The development of computer and communication technologies is now intensified with the Internet of Things (IoT) in which all electronic devices are connected to computers via the Internet. In the near future, we expect a society that utilizes artificial intelligence, and IoT which will be radically different from the present, such as an automatic car, a robot doctor, and a robot teacher, and is called the fourth industrial revolution society. The development of technologies has created massive data, called Big Data, which includes structured data and unstructured data that were unimaginable in the past. Typical examples of big data include data from Google's search records, social media messages by mobile phones, weblogs by internet connections, and telephone records of global telecom companies. Big data is expected to grow and increase exponentially in the future. and hyper-forecasting is also expected to be possible. The analysis of big data is so enormous and diverse in the amount of data that it can not be fully utilized just by traditional statistical approaches. We must apply simultaneously theories of statistics, computer science, mathematics, management, and related disciplines to analyze and utilize big data. Data science is a new area of study in which statistics, mathematics, computer science, and other disciplines are fused to analyze and utilize the big data that emerged this century. Although data science is closely related to statistics, it is not statistics itself. While statistics provides insights to help you make the right decisions, data science goes one step further and focuses on creating the best possible solutions to solve problems. To do data science, you need to have business sense, programming, statistics, and mathematics.
The success or failure of each individual, group, company, and even country depends on how big data is utilized efficiently.
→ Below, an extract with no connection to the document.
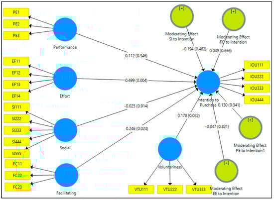 In order to assess the significance of path coefficients and test the moderation effects of the moderator, bootstrapping with a resample of 5000 was performed. The authors of [56] stated that the t-value must be considered in order to determine the significance of the relationship. The standardized beta (β) values and related t-values were checked. Ref. [56] shows a significant link using a t-value greater than 1.96 or a p-value less than 0.05. In this study, the first hypothesis, H1, examined the relationship between performance expectancy and the intention to use. The t-value was lower than 1.96, and the p-value was greater than 0.05, signifying an insignificant relationship. The second hypothesis, H2, examined the relationship between effort expectancy and the intention to use. The t-value was higher than 1.96, and the p-value was lower than 0.05, signifying a positive and significant relationship. The third hypothesis, H3, examined the relationship between social influence and the intention to use. The t-value was lower than 1.96, and the p-value was higher than 0.05, signifying an insignificant relationship. The fourth hypothesis, H4, examined the relationship between facilitating conditions and the intention to use. The t-value was higher than 1.96, and the p-value was lower than 0.05, signifying a positive and significant relationship. Therefore, only hypotheses H2 and H4 were supported, and H1 and H3 were not supported.
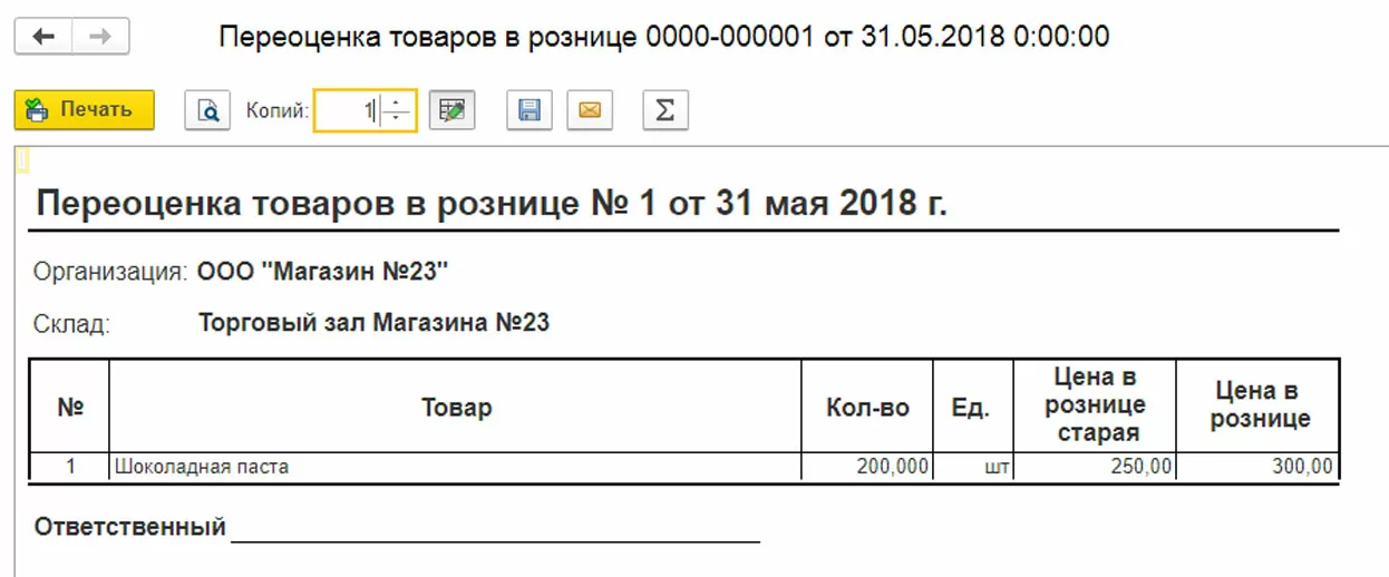 Из документа можно распечатать форму «Переоценка товаров в рознице» с отображением товара, его старой и вновь установленной цены.

Many examples of data science analyze big data and apply it to reality.
Methodologies that are used in the analysis of big data include many traditional statistical methods such as estimation, testing hypotheses, multivariate statistical analysis, and linear models. Recent theories in mathematics, such as neural network, supporting vector machines, and theories in computer science, such as distributed computing, machine learning, and artificial intelligence, are also used. Since data science is a fusion of studies, understanding several disciplines is not easy, but it would be generally feasible for those with a talent for mathematics. Those who studied data science could be leaders of the Fourth Industrial Revolution society.
Machine learning has been used extensively, especially in computer science. Instead of humans creating models and analyzing data, the computer automatically learns rules from data to create a software program that solves problems. Unlike data mining, the subject that uses rules or patterns in machine learning is not a person but a computer. However, most of the techniques used in machine learning are similar to those used in data mining. In addition, while data mining algorithms are relatively transparent in creating rules, machine learning algorithms are often like a black box, making it difficult to know why decisions were made. What data scientists do is to analyze data and to create such models. Collecting and analyzing data is very important to data scientists because creating a model is relatively easy if good data is prepared. However, if the data is a mess, no matter how good the algorithm is, creating a model that works properly is impossible.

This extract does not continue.